WORK INSTRUCTIONS
After locating "Ông Donald Trump" in the listing below, copy that line and each one after it exactly, ending with the line that has "中学化学实验室 仪器的保管 ☛ |".

DATA
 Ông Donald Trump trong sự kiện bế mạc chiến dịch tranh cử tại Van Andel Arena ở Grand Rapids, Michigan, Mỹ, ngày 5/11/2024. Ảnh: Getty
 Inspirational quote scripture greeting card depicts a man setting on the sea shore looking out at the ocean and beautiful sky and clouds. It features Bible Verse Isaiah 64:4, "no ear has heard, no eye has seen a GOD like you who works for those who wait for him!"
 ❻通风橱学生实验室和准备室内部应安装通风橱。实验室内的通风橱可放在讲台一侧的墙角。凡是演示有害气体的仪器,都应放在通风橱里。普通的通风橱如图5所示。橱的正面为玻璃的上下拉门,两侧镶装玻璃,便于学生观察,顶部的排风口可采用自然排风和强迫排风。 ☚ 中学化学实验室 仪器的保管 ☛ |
* * *
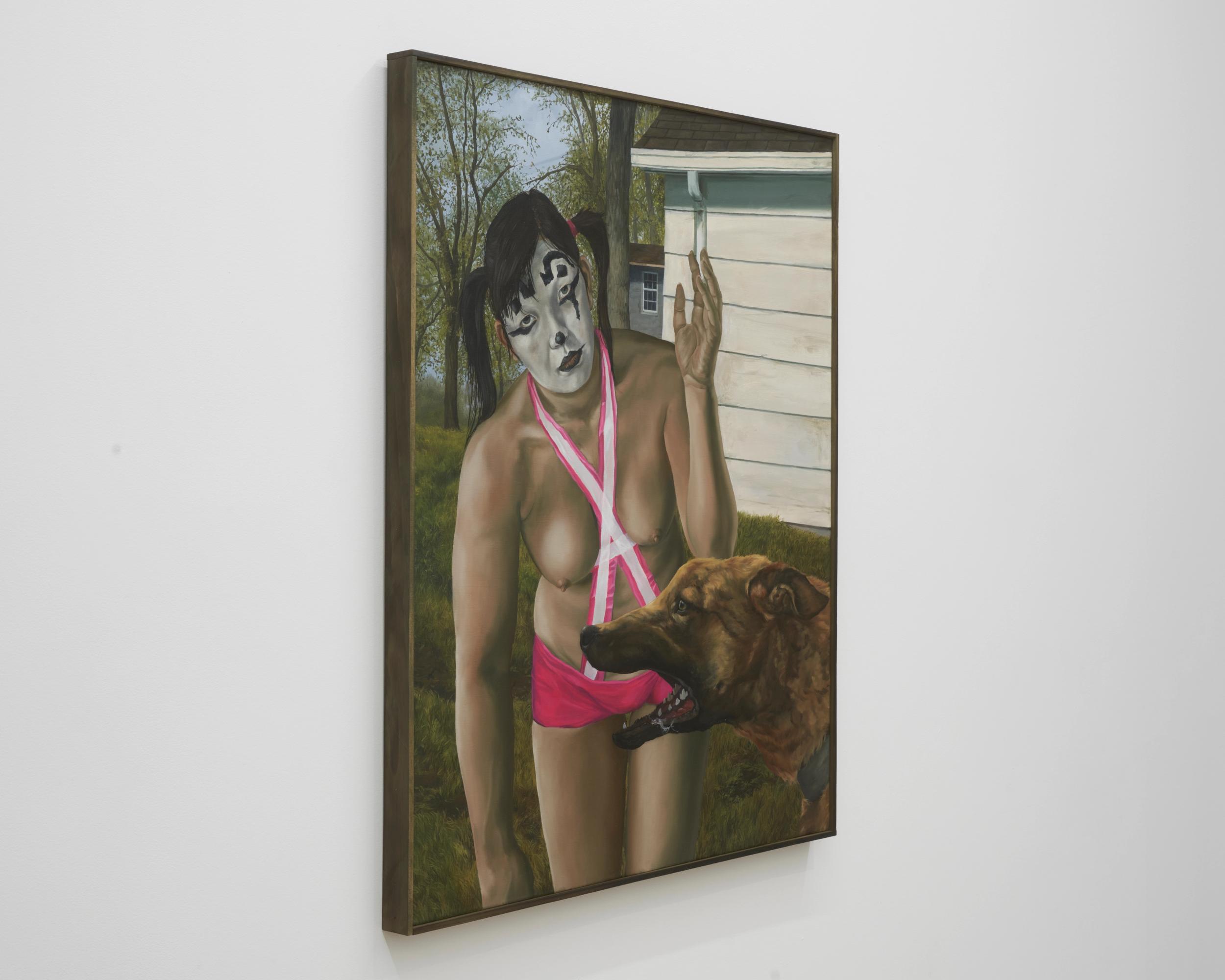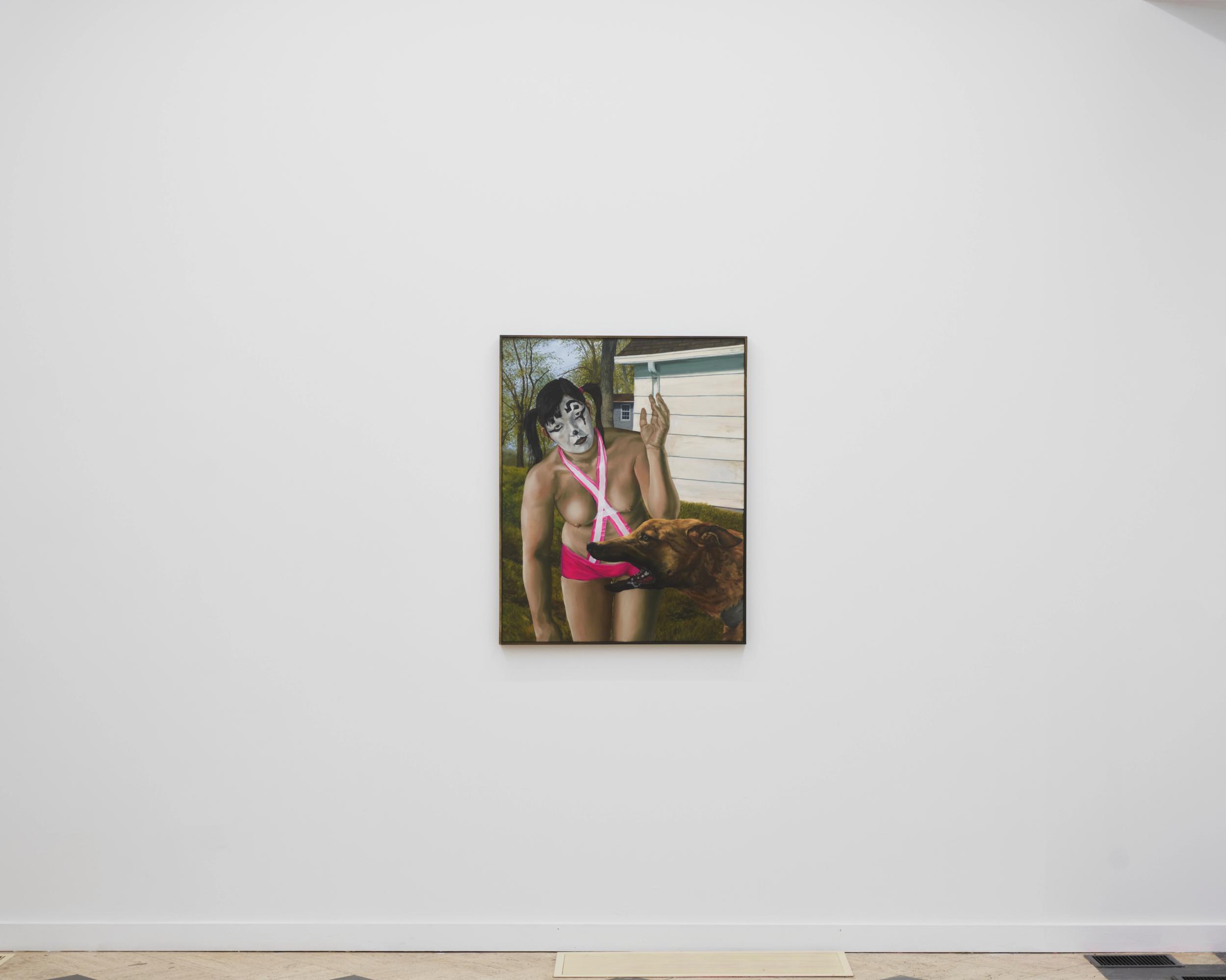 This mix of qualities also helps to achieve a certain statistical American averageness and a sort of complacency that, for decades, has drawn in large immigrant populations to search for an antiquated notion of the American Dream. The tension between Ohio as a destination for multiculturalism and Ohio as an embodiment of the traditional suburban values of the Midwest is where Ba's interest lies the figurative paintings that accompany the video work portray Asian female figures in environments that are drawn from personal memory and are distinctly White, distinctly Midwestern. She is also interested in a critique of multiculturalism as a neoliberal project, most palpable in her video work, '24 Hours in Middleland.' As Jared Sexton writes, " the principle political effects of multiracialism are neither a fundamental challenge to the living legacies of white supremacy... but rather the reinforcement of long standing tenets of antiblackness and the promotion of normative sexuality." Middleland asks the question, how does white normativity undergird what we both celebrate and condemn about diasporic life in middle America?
--
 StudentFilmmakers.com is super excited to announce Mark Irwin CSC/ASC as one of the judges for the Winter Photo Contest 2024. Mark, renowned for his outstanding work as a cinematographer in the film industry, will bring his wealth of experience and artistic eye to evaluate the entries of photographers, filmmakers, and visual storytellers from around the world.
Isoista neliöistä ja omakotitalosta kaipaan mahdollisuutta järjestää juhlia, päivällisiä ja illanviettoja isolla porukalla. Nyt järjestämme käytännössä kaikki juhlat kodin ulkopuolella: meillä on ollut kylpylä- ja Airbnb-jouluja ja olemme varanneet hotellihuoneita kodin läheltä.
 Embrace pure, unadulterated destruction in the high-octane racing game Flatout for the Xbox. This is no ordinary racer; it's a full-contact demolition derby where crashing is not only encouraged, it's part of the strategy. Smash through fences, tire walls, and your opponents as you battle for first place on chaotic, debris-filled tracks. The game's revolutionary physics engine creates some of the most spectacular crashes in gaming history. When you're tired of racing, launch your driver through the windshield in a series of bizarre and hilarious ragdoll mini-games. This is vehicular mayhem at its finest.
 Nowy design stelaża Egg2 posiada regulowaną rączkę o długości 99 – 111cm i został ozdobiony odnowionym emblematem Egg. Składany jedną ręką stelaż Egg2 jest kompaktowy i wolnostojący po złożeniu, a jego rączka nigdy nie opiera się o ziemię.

EXPECTED OUTPUT
 Ông Donald Trump trong sự kiện bế mạc chiến dịch tranh cử tại Van Andel Arena ở Grand Rapids, Michigan, Mỹ, ngày 5/11/2024. Ảnh: Getty
 Inspirational quote scripture greeting card depicts a man setting on the sea shore looking out at the ocean and beautiful sky and clouds. It features Bible Verse Isaiah 64:4, "no ear has heard, no eye has seen a GOD like you who works for those who wait for him!"
 ❻通风橱学生实验室和准备室内部应安装通风橱。实验室内的通风橱可放在讲台一侧的墙角。凡是演示有害气体的仪器,都应放在通风橱里。普通的通风橱如图5所示。橱的正面为玻璃的上下拉门,两侧镶装玻璃,便于学生观察,顶部的排风口可采用自然排风和强迫排风。 ☚ 中学化学实验室 仪器的保管 ☛ |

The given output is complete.